Recorded data:

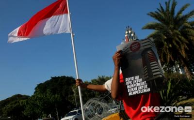 Dukung Revisi UU KPK Massa Aksi Kibarkan Bendera Merah Putih
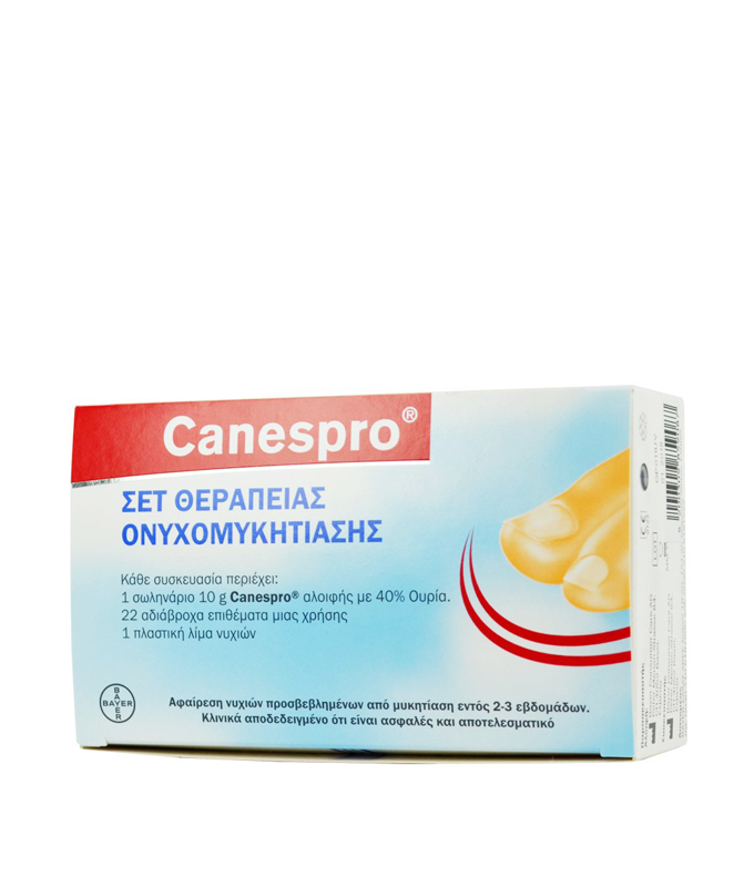 Το σετ Θεραπείας Ονυχομυκητίασης Canespro® χρησιμοποιείται ως μέρος τοπικής θεραπείας των ονυχομυκητιάσεων των χεριών ή των ποδιών.
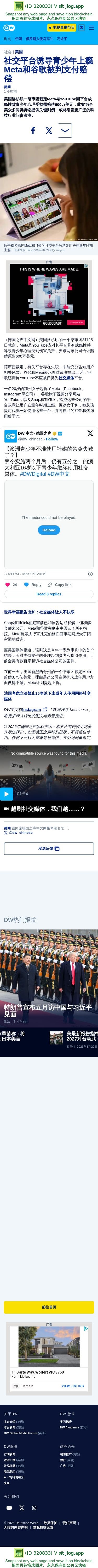 社交平台诱导青少年上瘾 Meta和谷歌被判支付赔偿
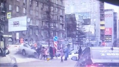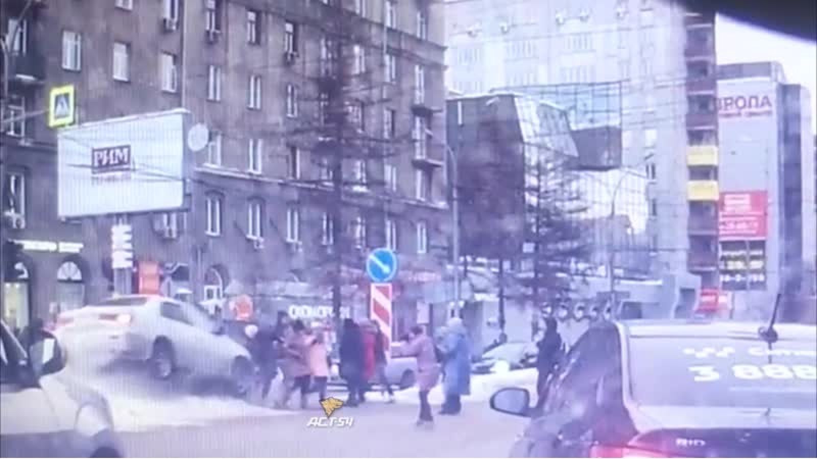 Toyota на скорости влетела в толпу пешеходов на Красном проспекте в Новосибирске. В этот момент люди находились на так называемом островке безопасности.
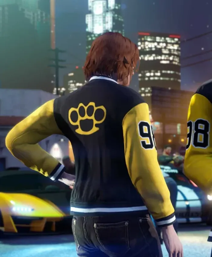 There is no doubt that the Rockstar Community GTA Series Blue and Yellow Varsity Jacket is a remarkable fashion piece. Moreover, it has touched many fans and admirers. Likewise, if we focus on the design, this jacket is crafted with wool fabric and real leather sleeves. This material allows a bold and dynamic look. Beyond that, this ensemble features a blue and yellow color theme where the rockstar logo is quite common and adds a nice touch. Additionally, this apparel features a buttoned closure that helps you swiftly cover yourself up. Likewise, at the same time, there are multiple pockets where you can keep your essential accessories. There is no doubt that among many GTA Outfits this jacket stands out. Let us now move ahead and focus on how you can style this outfit.
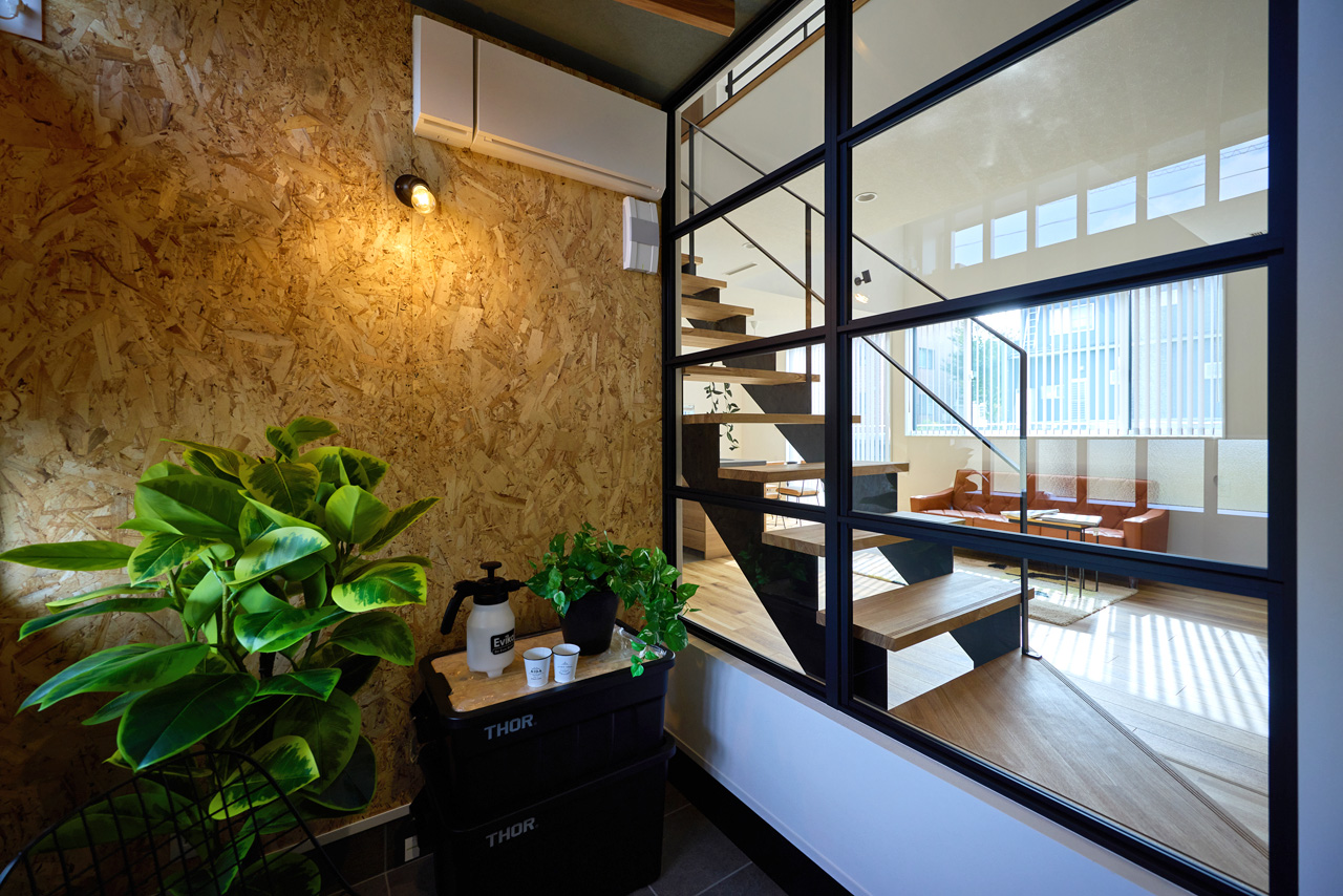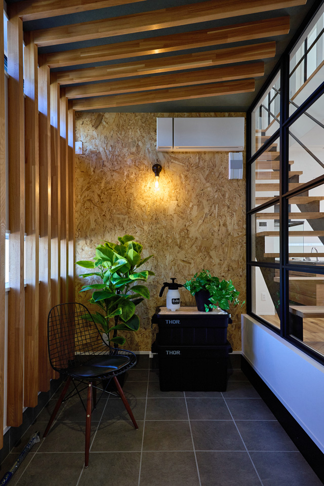 玄関土間は、ご主人の釣り道具やロードバイクなどが置ける趣味スペース。
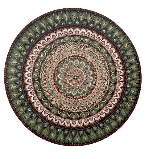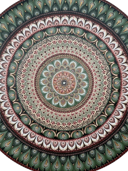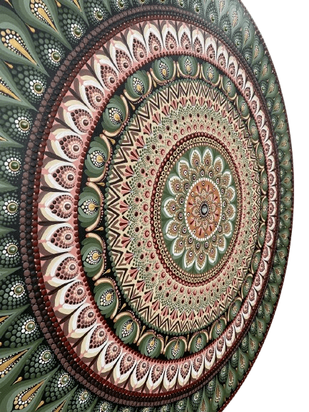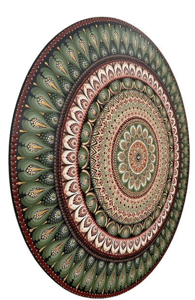 Essa mandala além de uma linda obra de arte pintada à mão, tem como finalidade harmonizar o ambiente e as pessoas que nele convivem ou frequentam com vibração e frequência de Calma, saúde e amor, utiliza na cromoterapia a cor verde simboliza equilíbrio, cura, saúde e renovação, atuando como um tom calmante e relaxante para o corpo e a mente. Associada ao chakra cardíaco, ajuda no equilíbrio emocional, redução do estresse e pode auxiliar no tratamento do sistema digestivo e cicatrização. É uma das cores mais abundantes no planeta, e contribui para aliviar a tensão, trazendo sensação de equilíbrio interno, calma e harmonia. O verde possui efeito calmante, refrescante e suavizante em todo o organismo, agindo como regenerador e harmonizador dos órgãos e sistemas. A cor verde tem a propriedade de ativar a normalização das funções endócrinas, estimulando a glândula pituitária, que é a responsável pelo bom funcionamento das demais glândulas. A cor rosa simboliza amor incondicional, afeto, ternura e harmonia nos relacionamentos. Associada ao chakra cardíaco, ajuda no equilíbrio emocional, cura de mágoas, perdão e comunicação amorosa. É usada para suavizar o ambiente, tonificar o sistema nervoso e purificar o sangue. Pode auxiliar no tratamento de depressão, possibilitando o aumento de algumas substâncias capazes de melhorar o humor, como a famosa serotonina. Chakras: Anahata, o 4º chakra
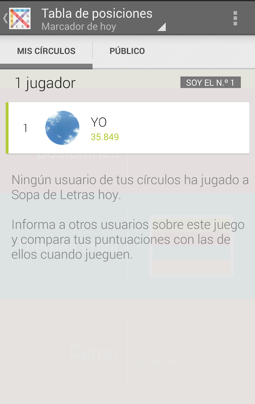 Score is calculated based on the length of the found words and the elapsed time. When you find all the words, the score is sent to the online scoreboard on Google+. You can see the best players daily, weekly or for all times.
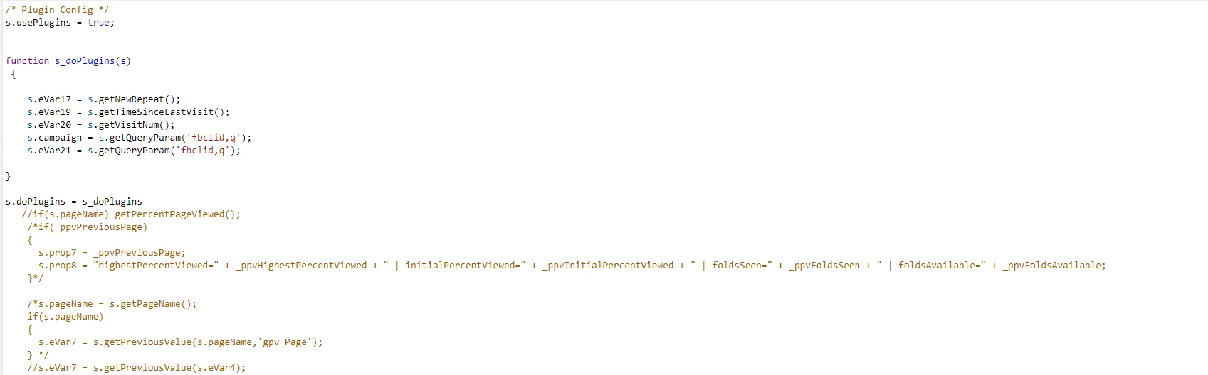 2. In Common Analytics Plugins, verify that you've enabled your 3 plugins (found in your commented code): getPercentPageViewed, getPageName, getPreviousValue.
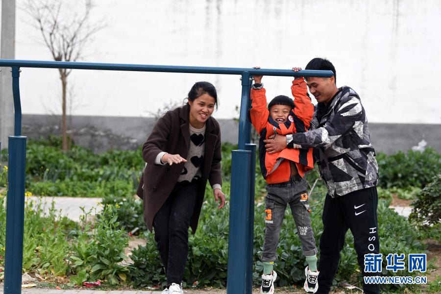 2月23日,常胜夫妻带着孩子在村广场上玩耍。新华社记者 刘军喜 摄

- **THE PROBLEM**: Only lines belong in the copy: transcribe those from the start of the data through the line that contains "玄関土間は、ご主人の釣り道具やロードバイクなどが置ける趣味スペース。", and skip the pictures.

- **OUTPUT FOR THIS TASK**:
 Dukung Revisi UU KPK Massa Aksi Kibarkan Bendera Merah Putih
 Το σετ Θεραπείας Ονυχομυκητίασης Canespro® χρησιμοποιείται ως μέρος τοπικής θεραπείας των ονυχομυκητιάσεων των χεριών ή των ποδιών.
 社交平台诱导青少年上瘾 Meta和谷歌被判支付赔偿
 Toyota на скорости влетела в толпу пешеходов на Красном проспекте в Новосибирске. В этот момент люди находились на так называемом островке безопасности.
 There is no doubt that the Rockstar Community GTA Series Blue and Yellow Varsity Jacket is a remarkable fashion piece. Moreover, it has touched many fans and admirers. Likewise, if we focus on the design, this jacket is crafted with wool fabric and real leather sleeves. This material allows a bold and dynamic look. Beyond that, this ensemble features a blue and yellow color theme where the rockstar logo is quite common and adds a nice touch. Additionally, this apparel features a buttoned closure that helps you swiftly cover yourself up. Likewise, at the same time, there are multiple pockets where you can keep your essential accessories. There is no doubt that among many GTA Outfits this jacket stands out. Let us now move ahead and focus on how you can style this outfit.
 玄関土間は、ご主人の釣り道具やロードバイクなどが置ける趣味スペース。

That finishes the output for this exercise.